If we had a $3×5$ grid, we'd need to place 8 (from $2×4$) internal blockers - but we'd only be able to place 7.5 (from $3×5/2$). So 3×5 is impossible.

If we had a $4×4$ grid, we'd need to place 9 (from $3×3$) internal blockers. But we'd only be able to place 8 (from $4×4/2$). So 4×4 is impossible.


All other larger cases fail in the same way: if we try to improve this by adding on some more rows and columns, to get a $(3+m)×(4+n)$ grid, then we find:
$$\text{amount needed} ≤ \text{amount usable}$$ $$(2+m)(3+n) ≤ (3+m)(4+n)/2$$ $$6+3m+2n+mn ≤ \frac12(12 + 3n + 4m + mn)$$ $$6+3m+2n+mn ≤ 6 + \frac32n + 2m + \frac12mn$$ $$ m + \frac12n + \frac12mn ≤ 0$$ If $m$ and $n$ are positive, or if one is positive and the other is zero, the left side will always be positive, and this inequality breaks. Therefore we can't add any more rows or columns on without needing more blockers than we have.

---

What about other arrangements of the same size?

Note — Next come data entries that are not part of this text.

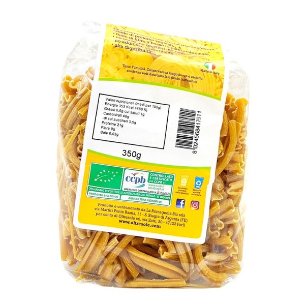 Le Penne di Ceci Biologiche di Oltresole sono realizzate con il 100% di farina di ceci semi-integrale biologica e italiana, certificata Gluten Free. Viene lavorata artigianalmente con trafila al bronzo ed essiccazione lenta a bassa temperatura. Questo processo consente di preservare struttura, aroma e caratteristiche organolettiche della materia prima. La superficie risulta naturalmente ruvida, ideale per trattenere i condimenti, mentre la consistenza è compatta e piacevolmente tenace al morso. Il sapore è pieno, con la tipica nota intensa e leggermente rustica del cece.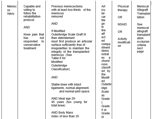 - Meniscal Allograft TransplantationMeniscal Allograft Transplantation is recommended in select patients, as clinically indicated.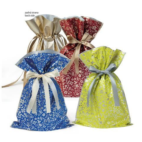 Dárkový sáček - pytlík se saténovou stahovací stužkou pro krásné a jednoduché zabalení dárků. Na přední straně potisk, zadní strana jednobarevná zlatá. Stažením stužky můžete vytvořit krásnou mašličku. Materiál je z netkané textilie s laminátem. Balení obsahuje 48 ks sáčků ve třech barvách. Cena za 1 ks.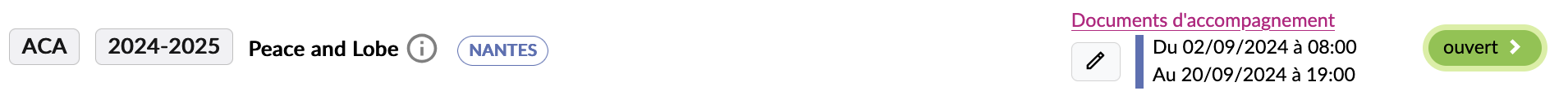 Les inscriptions se font directement sur ADAGE, par un appel à projet intitulé "Peace and Lobe - Académie de Nantes". Cette campagne sera ouverte à partir du 2 septembre jusqu'au 20 Septembre 2024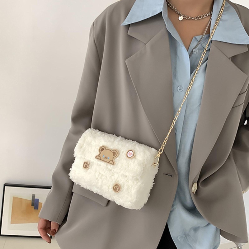 Giới thiệu Túi Đeo Chéo Đan Len Thủ Công Hình Gấu Bông Mini Đựng Điện Thoại Chìa Khóa

On a 3×4, we need to place 6 blockers internally, and we have 6 blockers to work with. So every blocker must be internal. (Or in the T-pipe version, all segments that lead outside the grid must be used.)

This means we have to divide the 12 squares into 6 adjacent pairs. This means we're looking for a domino tiling of a 3×4 grid.

There are only five such tilings (up to rotation and reflection). Of these five, three don't work - they would give loops. One of the others (the second on the right column) corresponds to the solution I found; the other is new.

Answer 2

A loop-less connected arrangement, in other words

a tree

has an edge fewer than

vertices.

As each T-pipe has 1 vertex and 1.5 edges there is an excess of edges which can only be mitigated at the boundaries: Each half-edge pointing outside can be ignored, at most

2n+2m

in an mxn rectangle. For the maximum to be attained every boundary tile must have a half-edge pointing out and each corner tile two half-edges. Then, regarding the difference of the numbers of vertices and edges (which must be one) each boundary tile is neutral, each inner tile adds half an edge and each corner removes half an edge. To end up with one more vertex than edges there must be exactly

2

inner tiles and the rectangle must be

3x4.

Arrangement:

    ┻┫┣┻
    ┳┫┣┳
    ┫┣┫┣
 

Bonus:

Because of the requirement that corner tiles have two half edges point outwards each has only two possible orientations:

    ****  ****
    ****  ****
    ┫***  ┳***
 

Further note that this forces the orientation of the non connected neighbour:

    ****  ****
    ****  ┻***
    ┫┣**  ┳***
 

We can now rule out two of the three (up to symmetry) configurations of two corner tiles sharing a short side of the rectangle:

    ┫***  ┻***
    ┫***  !***
    ┫***  ┳***
 

The left configuration cannot connect to the rest of the rectangle and the right one can not legally fit a boundary tile between the two corners.

That leaves:

    ┫┣**
    ┻***
    ┳***
 

and up to symmetry two ways of orienting all four corners:

    ┻**┻  ┫┣*┻
    ┳**┳  ┻**┳
    ┫┣┫┣  ┳*┫┣
 

Either has a unique extension to a legal rectangle:

    ┻┫┣┻  ┫┣┻┻
    ┳┫┣┳  ┻┻┳┳
    ┫┣┫┣  ┳┳┫┣